Independent sample T-test comparing BMI, haemoglobin and magnesium levels in working women and housewives.
| Variables | Occupation | Independent samples t-test |
|---|
| Working | Housewife |
|---|
| Mean | SD | Mean | SD | t-value | p-value |
|---|
| BMI (Kg/m2) | 26 | 3.4 | 28.4 | 4.22 | 0.81 | 0.21 |
| Hb Level (g/dL) | 10.82 | 1.11 | 11.31 | 1.13 | -1.673 | 0.097 |
| Magnesium level (mg/dL) | 3.12 | 0.94 | 2.98 | 1.33 | 0.599 | 0.550 |
Women with previous abortions were found to have less magnesium levels (2.71 mg/dL) compared to women without a history of abortion (3.11 mg/dL) and value was found to be statistically significant (p<0.007) [Table/Fig-4].

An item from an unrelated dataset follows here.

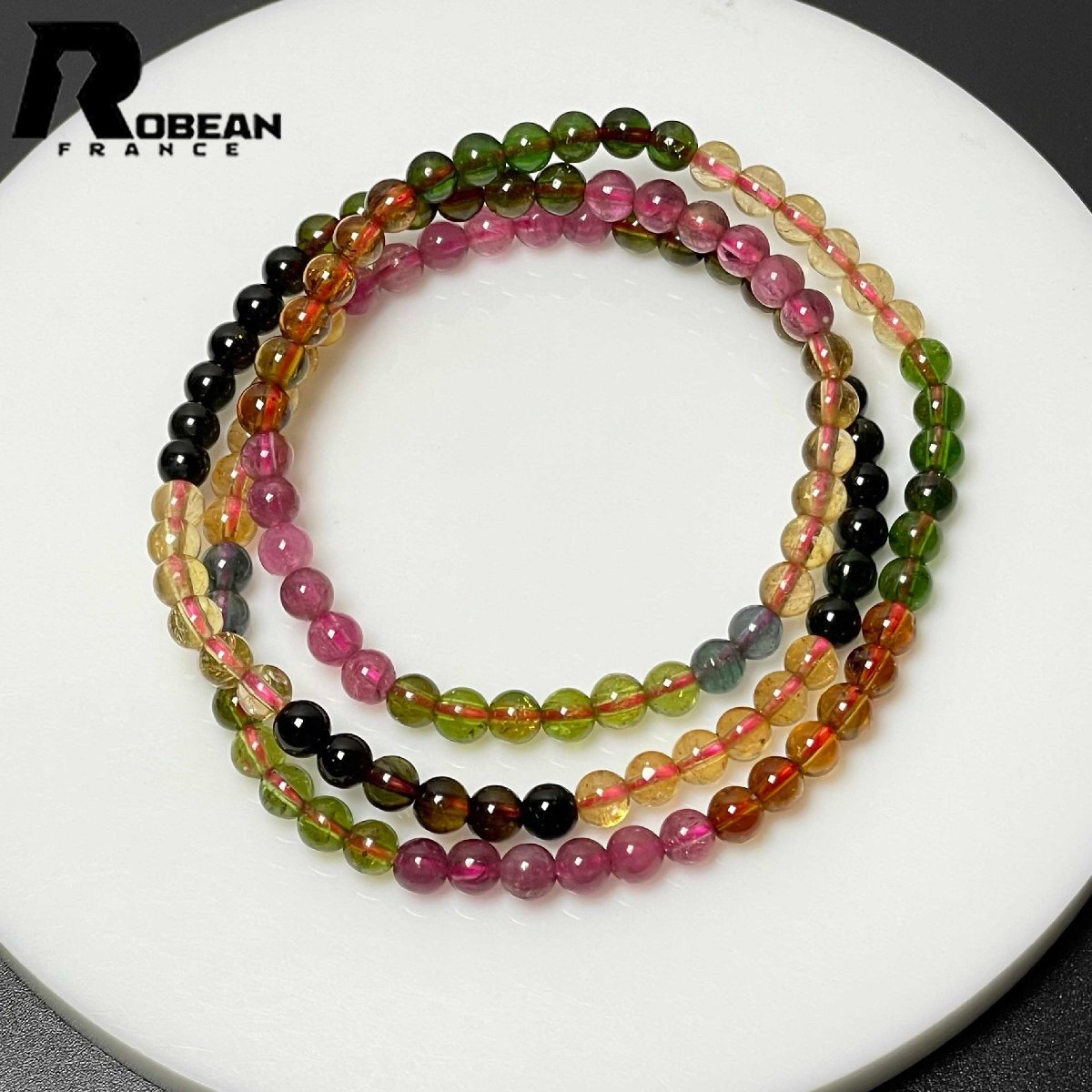 高級 EU製 定価82万円★ROBEAN・ウォーターメロントルマリン★3本巻きブレスレット パワーストーン 天然石 綺麗 約4.6-4.9mm

Independent sample T-test comparing the magnesium, BMI and haemoglobin levels among women with and without history of abortion.
| Variables | Abortion | Independent samples t-test |
|---|
| Yes | No |
|---|
| Mean | SD | Mean | SD | t-value | p-value |
|---|
| BMI (kg/m2) | 25.85 | 4.56 | 25.12 | 3.98 | 1.191 | 0.235 |
| Hb Level (g/dL) | 11.24 | 1.35 | 11.23 | 1.07 | 0.009 | 0.992 |
| Magnesium level (mg/dL) | 2.71↓ | 0.78 | 3.11← | 1.40 | -2.743 | 0.007* |
BMI: Body mass index; Hb: Haemoglobin; *p<0.05-statistically significant
Magnesium levels among vegans (2.45) were lower than non vegans (3.08) and it was found to be statistical significant (p=0.013). BMI was found to be 24.57±3.37 among vegans and 25.43±4.23 among non vegetarians. Haemoglobin levels were 10.89±1.40 among vegans and 11.26±1.11 among non vegetarians [Table/Fig-5].

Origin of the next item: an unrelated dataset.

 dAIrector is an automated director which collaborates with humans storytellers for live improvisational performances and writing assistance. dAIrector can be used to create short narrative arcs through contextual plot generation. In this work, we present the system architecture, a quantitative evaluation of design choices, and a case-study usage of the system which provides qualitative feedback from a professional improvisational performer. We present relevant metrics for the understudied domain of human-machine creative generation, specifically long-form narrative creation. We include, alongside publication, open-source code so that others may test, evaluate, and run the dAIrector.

Independent sample t-test comparing the magnesium, BMI and haemoglobin level among vegan and non vegans.
| Variables | Diet | Independent samples t-test |
|---|
| Vegetarian | Non vegetarian |
|---|
| Mean | SD | Mean | SD | t-value | p-value |
|---|
| BMI (kg/m2) | 24.57 | 3.37 | 25.43 | 4.23 | -1.061 | 0.290 |
| Hb level (g/dL) | 10.89 | 1.40 | 11.26 | 1.11 | -0.934 | 0.352 |
| Magnesium level (mg/dL) | 2.45↓ | 0.76 | 3.08← | 1.32 | -2.517 | 0.013* |
BMI: Body mass index; Hb-Haemoglobin; *p<0.05-statistically significant
In this study, it was found that as the parity of the women increased magnesium level decreased, highest value was found among the primigravida (3.02) but there was no significant difference between the groups [Table/Fig-6].

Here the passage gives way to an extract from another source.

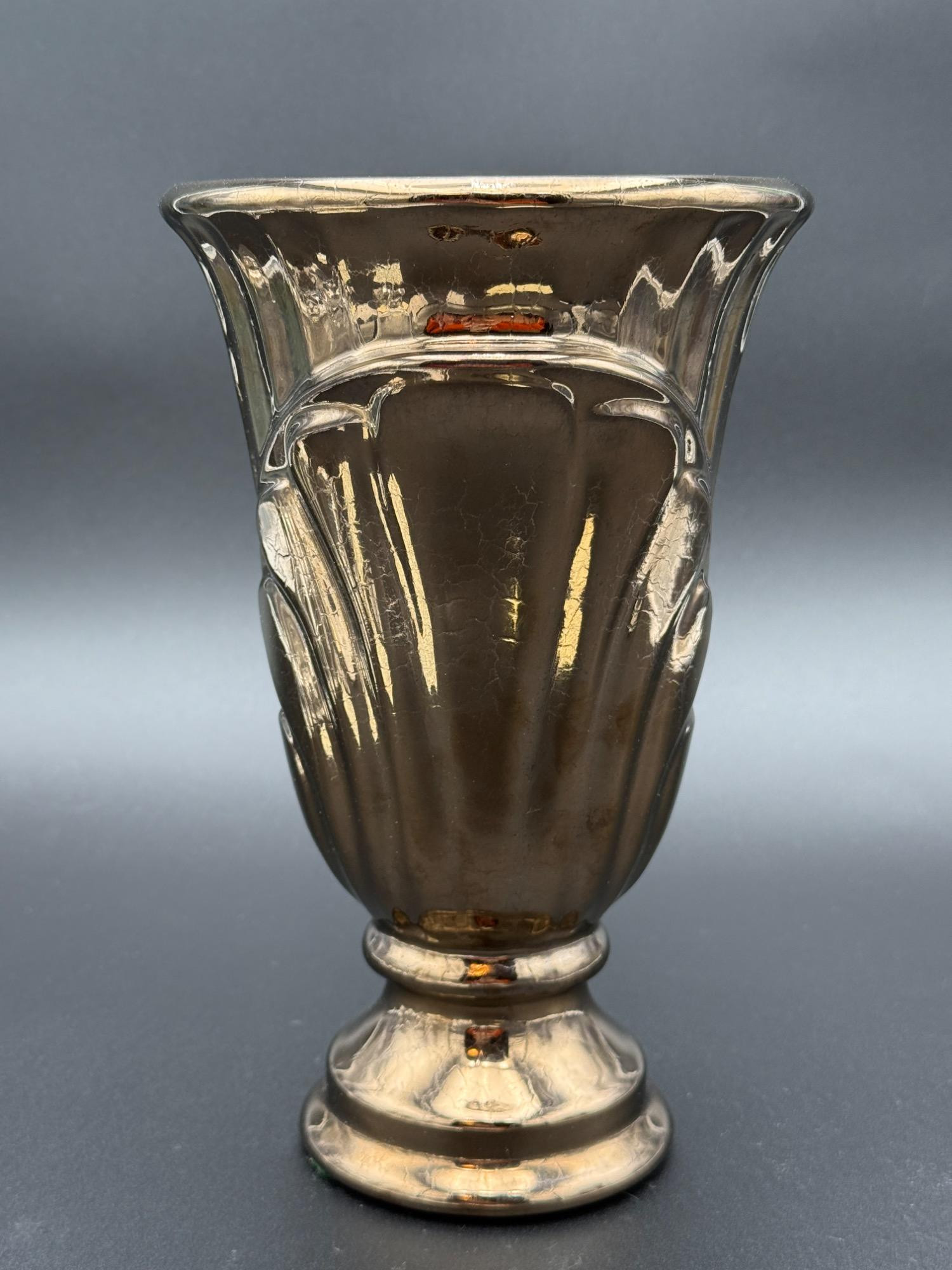 This vintage Haeger vase showcases a striking metallic bronze glaze with an elegant Art Deco-inspired design. The flared silhouette is adorned with raised leaf-like motifs, adding depth and sophistication. Features: Brand: Haeger Material: Glazed ceramic Color: Metallic bronze Design: Flared rim with raised leaf motifs Finish: Reflective crackled glaze Base: Pedestal with original felt pads for stability Dimensions: 9.75” H x 6” W Condition: Slight blemishing consistent with age.

One-way analysis showing the magnesium, BMI and haemoglobin levels among different parity.
| Variables | Pregnancy | One-way |
|---|
| 1 | 2 | 3 | 4 | ANOVA |
|---|
| Mean | SD | Mean | SD | Mean | SD | Mean | SD | F-value | p-value |
|---|
| BMI (kg/m2) | 24.96 | 4.08 | 25.68 | 3.95 | 25.35 | 3.40 | 28.28 | 8.55 | 1.575 | 0.196 |
| Hb level (g/dL) | 11.25 | 1.11 | 11.27 | 1.07 | 11.11 | 1.53 | 10.94 | 1.09 | 0.174 | 0.914 |
| Magnesium level (mg/dL) | 3.02 | 1.06 | 3.01 | 1.40 | 2.92 | 1.87 | 2.58 | 1.30 | 0.254 | 0.858 |
BMI: Body mass index; Hb: Haemoglobin
Pearson correlation analysis done between magnesium and age showed a negative correlation coefficient of -0.064, which was not statistically significant [Table/Fig-7].
Pearson’s correlation between age and magnesium levels among pregnant women.
X axis: Age in years; Y axis: Magnesium levels (mg/dL)
Pearsons correlation analysis between magnesium and BMI showed a negative correlation coefficient of -0.0016 which was not statistically significant [Table/Fig-8].
Pearson’s correlation between BMI and magnesium levels among pregnant women.
X axis: BMI; Y axis: Magnesium levels (mg/dL)
There was no significant difference in the magnesium levels among pregnant women with complications and those without complications [Table/Fig-9].
Independent sample t-test comparing the magnesium level between normal pregnant women and with complication.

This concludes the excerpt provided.